This was included as the introduction to each of the Graphica books.
It seems so easy for nature to produce forms of great beauty—as so often imitated in art. But how does nature manage this? And must we be content with just imitating nature? Or can we perhaps capture whatever fundamental mechanism nature uses to produce the forms it does, and use this mechanism directly for ourselves?
My work in science has led me to the conclusion that for the first time in history, we are finally now at the point where this has become possible. And the key lies in the idea of computer programs. For a computer program, like a natural system, operates according to definite rules. And if we could capture those rules we should be able to make programs that do the kinds of things nature does.
But in fact we can do vastly more. For nature must follow the laws of our particular universe. Yet programs can follow whatever laws we choose. So we can in effect make an infinite collection of possible universes, not just our particular universe.
In the past, however, it has seemed difficult to get programs to yield anything like the kind of richness that we typically see in nature. And when one hears of images made by programs, one tends to think of rigid lines and simple geometrical figures. But what my work in science suggests is that people have created programs with too much purpose in mind: they have tried to make sure that their programs are set up to achieve specific goals that they can foresee.
But nature—so far as we know—has no goals. And so the programs it runs need not be chosen with any particular constraints. And what my work in science has shown is that programs picked almost at random will often produce behavior with just the kind of complexity—and sometimes beauty—that we see in nature. All that is necessary is that we go beyond the narrow kinds of programs whose behavior we, as humans, can readily foresee.

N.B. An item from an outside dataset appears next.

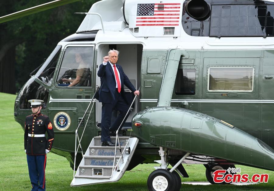 U.S. President Donald Trump boards Marine One at the White House upon departure for a state visit to the UK, Sept. 16, 2025, local time. (Photo: China News Service/Chen Mengtong)

When I created Mathematica my goal was to build an environment in which one could easily set up programs of essentially any kind. And indeed the language that underlies Mathematica is based on concepts more general and more fundamental than even those of standard logic or mathematics. And by using these concepts it is possible to create programs that correspond to the kinds of rules that seem to operate in nature—or in anything like nature.
In fact, with the Mathematica language, remarkably simple programs can often produce pictures of such intricacy and unexpected detail that we would never imagine that they could ever have been made just by following any set of rules.
Sometimes the pictures one gets remind one of some familiar system in nature. And sometimes they look like the creations of a human artist. But often thay are something different. They have parts reminiscent of nature. And parts that one could imagine being created by human artists. But then they have unexpected elements, like nothing seen before, together with a vast range of details far beyond what any unaided artist could ever produce.
And this is the essence of the images in Graphica.